--- START ---

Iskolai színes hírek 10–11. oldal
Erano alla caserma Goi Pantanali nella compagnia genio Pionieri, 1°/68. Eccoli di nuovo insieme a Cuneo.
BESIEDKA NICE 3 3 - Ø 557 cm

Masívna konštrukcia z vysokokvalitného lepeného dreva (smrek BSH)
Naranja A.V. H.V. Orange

--- END ---
--- START ---

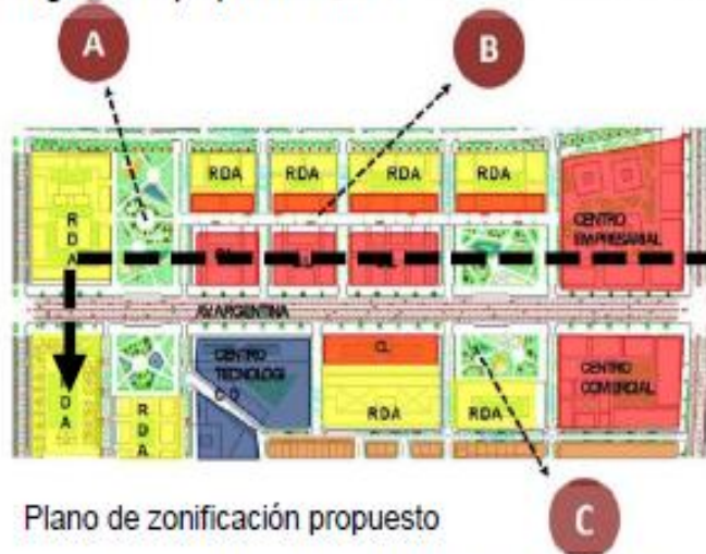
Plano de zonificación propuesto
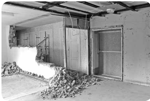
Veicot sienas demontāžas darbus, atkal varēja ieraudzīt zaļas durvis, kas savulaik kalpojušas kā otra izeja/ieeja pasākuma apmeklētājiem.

--- END ---
--- START ---

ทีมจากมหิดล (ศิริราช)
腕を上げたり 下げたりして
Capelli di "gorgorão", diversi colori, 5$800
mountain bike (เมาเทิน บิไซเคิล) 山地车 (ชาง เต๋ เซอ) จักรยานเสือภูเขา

--- END ---

◆ **ABOUT THIS EXERCISE**
In the listing above, find the line containing "diversi colori, 5$800" and the line containing "mountain bike (เมาเทิน", then quote both, plus every line between them, exactly as written.

◆ **FINISHED EXERCISE**
Capelli di "gorgorão", diversi colori, 5$800
mountain bike (เมาเทิน บิไซเคิล) 山地车 (ชาง เต๋ เซอ) จักรยานเสือภูเขา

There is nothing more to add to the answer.